* _Directions for this task_:
Would you output the entries below only from the line containing "フリースペースは社員同士のミ" through the line containing "и настенное зеркало", exactly as they stand and with both ends included?

====== Data under study ======

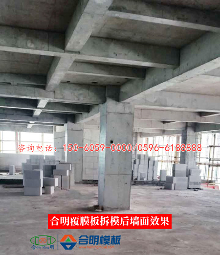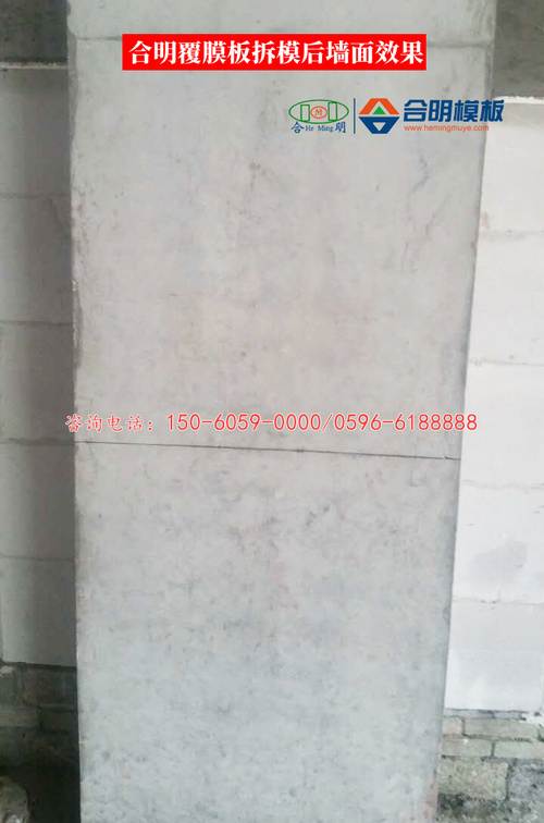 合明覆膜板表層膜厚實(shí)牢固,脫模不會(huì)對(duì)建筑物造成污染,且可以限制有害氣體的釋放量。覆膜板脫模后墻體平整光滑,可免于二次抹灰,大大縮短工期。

======
====== Data under study ======

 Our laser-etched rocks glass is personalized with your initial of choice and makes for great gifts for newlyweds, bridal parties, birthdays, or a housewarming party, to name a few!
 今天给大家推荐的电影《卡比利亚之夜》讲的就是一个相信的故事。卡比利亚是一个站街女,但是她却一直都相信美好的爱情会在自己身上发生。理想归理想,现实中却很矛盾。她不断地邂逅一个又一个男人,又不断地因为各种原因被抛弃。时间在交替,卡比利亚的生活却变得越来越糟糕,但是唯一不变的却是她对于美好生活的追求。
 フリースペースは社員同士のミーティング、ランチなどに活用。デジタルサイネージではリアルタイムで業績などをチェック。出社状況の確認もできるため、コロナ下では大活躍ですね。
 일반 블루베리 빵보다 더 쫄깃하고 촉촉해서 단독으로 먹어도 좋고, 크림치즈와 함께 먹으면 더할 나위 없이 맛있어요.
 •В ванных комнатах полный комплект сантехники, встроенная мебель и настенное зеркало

======
====== Data under study ======

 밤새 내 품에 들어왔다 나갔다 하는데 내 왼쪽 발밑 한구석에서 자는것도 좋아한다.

======

* _Task solution_:
 フリースペースは社員同士のミーティング、ランチなどに活用。デジタルサイネージではリアルタイムで業績などをチェック。出社状況の確認もできるため、コロナ下では大活躍ですね。
 일반 블루베리 빵보다 더 쫄깃하고 촉촉해서 단독으로 먹어도 좋고, 크림치즈와 함께 먹으면 더할 나위 없이 맛있어요.
 •В ванных комнатах полный комплект сантехники, встроенная мебель и настенное зеркало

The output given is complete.